Activity » A line below contains "资料显示,陕西瑞科成立于20", and a later one contains "Nortec 102 Steam". Repeat both, with every line between them, exactly.

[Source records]
|---|

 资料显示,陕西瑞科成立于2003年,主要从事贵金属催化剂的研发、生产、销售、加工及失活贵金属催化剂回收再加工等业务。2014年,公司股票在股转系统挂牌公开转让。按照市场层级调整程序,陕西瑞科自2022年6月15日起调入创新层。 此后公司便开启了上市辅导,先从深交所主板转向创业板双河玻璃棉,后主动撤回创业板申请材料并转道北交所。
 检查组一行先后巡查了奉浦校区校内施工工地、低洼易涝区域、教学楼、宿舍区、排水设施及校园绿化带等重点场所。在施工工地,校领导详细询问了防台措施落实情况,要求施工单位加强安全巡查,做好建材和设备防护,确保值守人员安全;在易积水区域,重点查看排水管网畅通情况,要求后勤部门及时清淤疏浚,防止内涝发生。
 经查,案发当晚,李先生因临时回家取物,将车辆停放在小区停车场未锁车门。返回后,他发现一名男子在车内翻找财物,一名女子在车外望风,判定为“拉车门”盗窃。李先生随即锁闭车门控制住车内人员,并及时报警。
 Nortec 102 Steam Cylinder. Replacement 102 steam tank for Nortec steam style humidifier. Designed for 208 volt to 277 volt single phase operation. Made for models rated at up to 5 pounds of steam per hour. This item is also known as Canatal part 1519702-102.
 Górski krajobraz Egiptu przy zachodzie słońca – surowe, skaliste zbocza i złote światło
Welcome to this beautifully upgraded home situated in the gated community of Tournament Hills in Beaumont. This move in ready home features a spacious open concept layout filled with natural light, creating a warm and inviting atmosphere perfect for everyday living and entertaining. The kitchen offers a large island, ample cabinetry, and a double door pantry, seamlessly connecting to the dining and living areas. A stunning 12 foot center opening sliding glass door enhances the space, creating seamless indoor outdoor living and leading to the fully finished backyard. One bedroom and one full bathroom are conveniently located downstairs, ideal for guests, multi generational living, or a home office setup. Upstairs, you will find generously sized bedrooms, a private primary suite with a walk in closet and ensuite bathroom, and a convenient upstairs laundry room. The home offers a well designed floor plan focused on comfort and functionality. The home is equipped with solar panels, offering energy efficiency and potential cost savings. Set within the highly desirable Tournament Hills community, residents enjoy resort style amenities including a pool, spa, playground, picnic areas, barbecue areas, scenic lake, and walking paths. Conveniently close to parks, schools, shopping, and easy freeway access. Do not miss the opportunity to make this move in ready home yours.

|---|

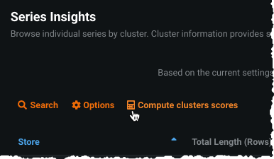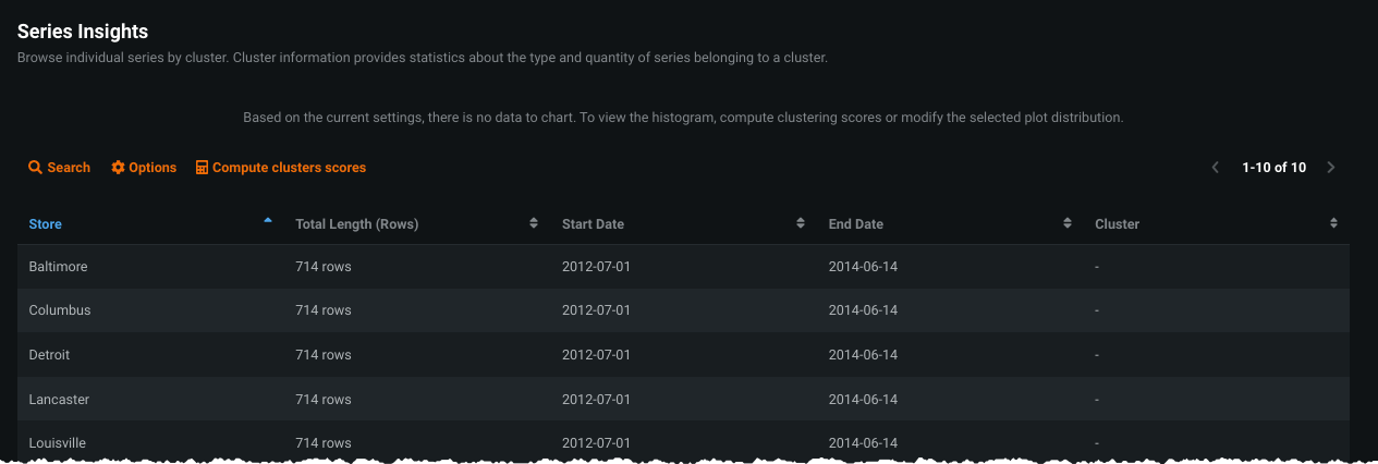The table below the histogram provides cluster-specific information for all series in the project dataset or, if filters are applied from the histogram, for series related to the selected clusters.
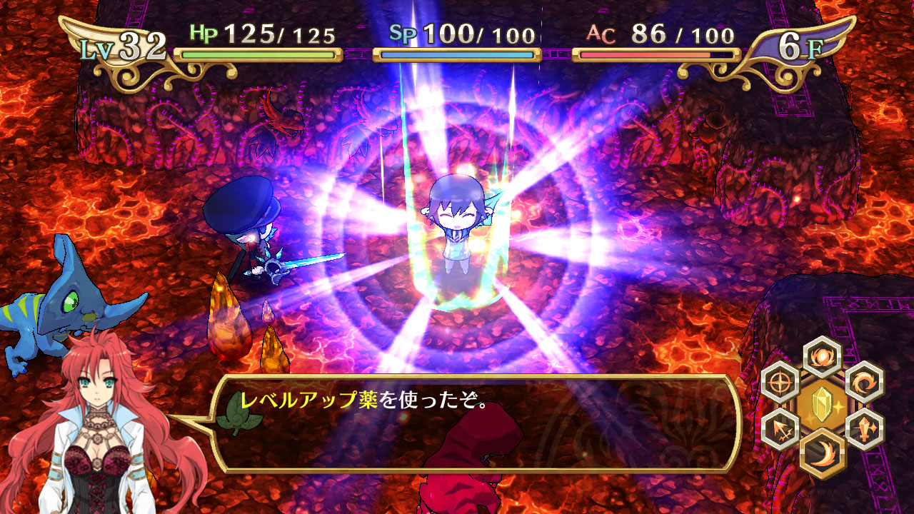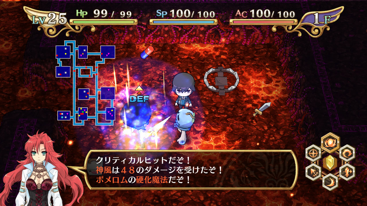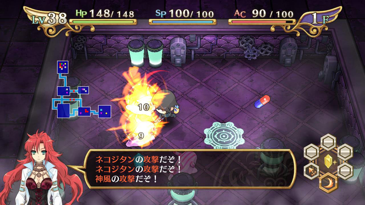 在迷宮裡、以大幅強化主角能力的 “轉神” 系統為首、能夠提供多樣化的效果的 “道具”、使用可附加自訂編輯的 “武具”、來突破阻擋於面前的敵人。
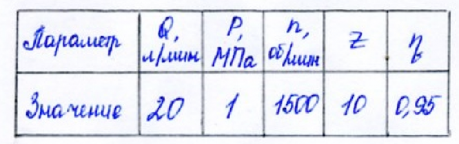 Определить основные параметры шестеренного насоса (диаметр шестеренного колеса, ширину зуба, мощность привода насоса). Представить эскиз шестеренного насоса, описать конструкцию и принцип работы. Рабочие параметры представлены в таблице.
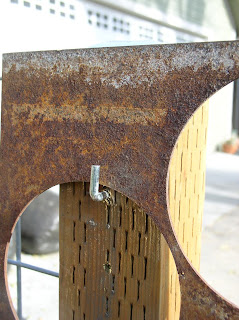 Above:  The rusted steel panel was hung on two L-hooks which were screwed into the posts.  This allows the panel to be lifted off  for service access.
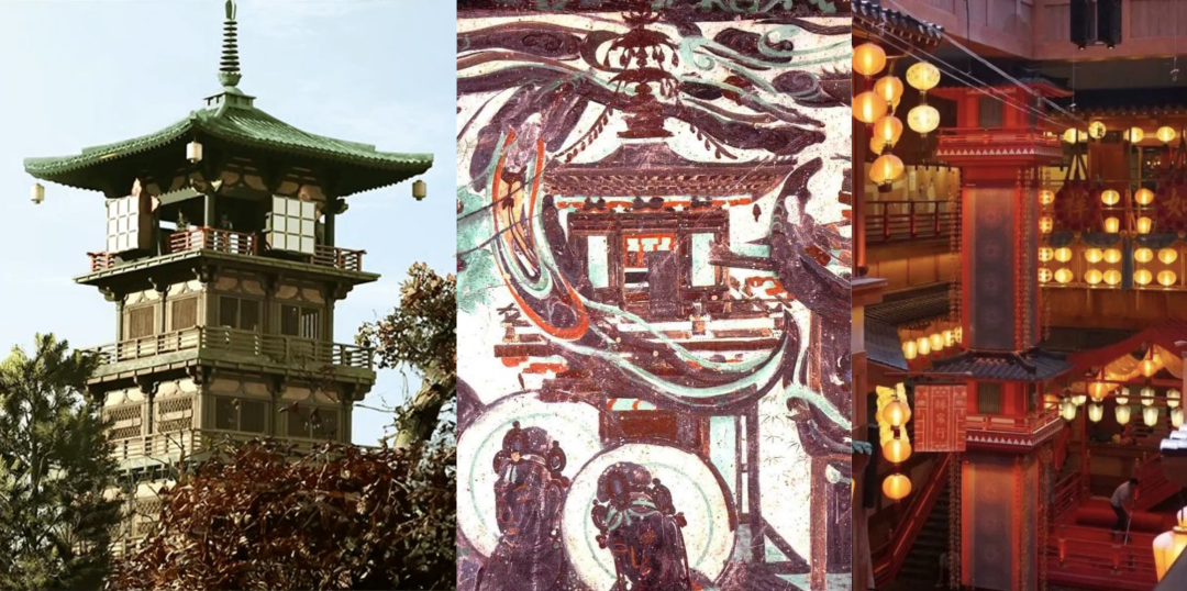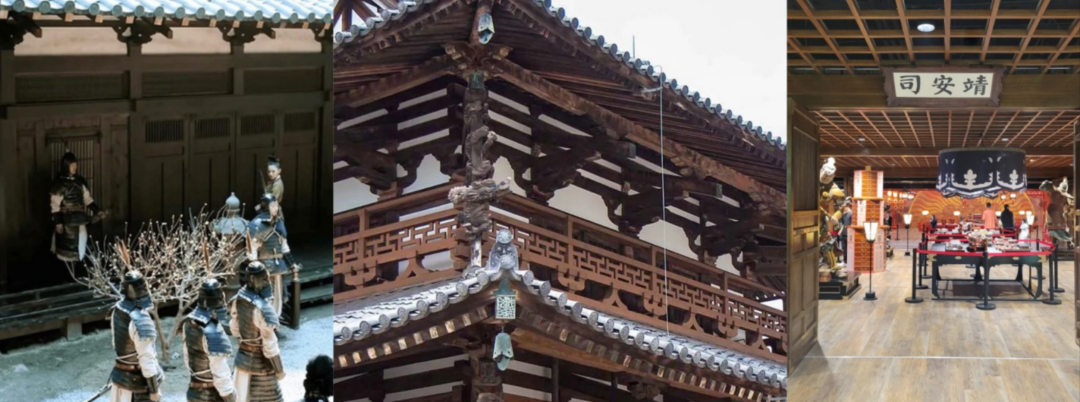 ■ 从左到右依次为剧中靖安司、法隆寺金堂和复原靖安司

|---|

Task output »
 资料显示,陕西瑞科成立于2003年,主要从事贵金属催化剂的研发、生产、销售、加工及失活贵金属催化剂回收再加工等业务。2014年,公司股票在股转系统挂牌公开转让。按照市场层级调整程序,陕西瑞科自2022年6月15日起调入创新层。 此后公司便开启了上市辅导,先从深交所主板转向创业板双河玻璃棉,后主动撤回创业板申请材料并转道北交所。
 检查组一行先后巡查了奉浦校区校内施工工地、低洼易涝区域、教学楼、宿舍区、排水设施及校园绿化带等重点场所。在施工工地,校领导详细询问了防台措施落实情况,要求施工单位加强安全巡查,做好建材和设备防护,确保值守人员安全;在易积水区域,重点查看排水管网畅通情况,要求后勤部门及时清淤疏浚,防止内涝发生。
 经查,案发当晚,李先生因临时回家取物,将车辆停放在小区停车场未锁车门。返回后,他发现一名男子在车内翻找财物,一名女子在车外望风,判定为“拉车门”盗窃。李先生随即锁闭车门控制住车内人员,并及时报警。
 Nortec 102 Steam Cylinder. Replacement 102 steam tank for Nortec steam style humidifier. Designed for 208 volt to 277 volt single phase operation. Made for models rated at up to 5 pounds of steam per hour. This item is also known as Canatal part 1519702-102.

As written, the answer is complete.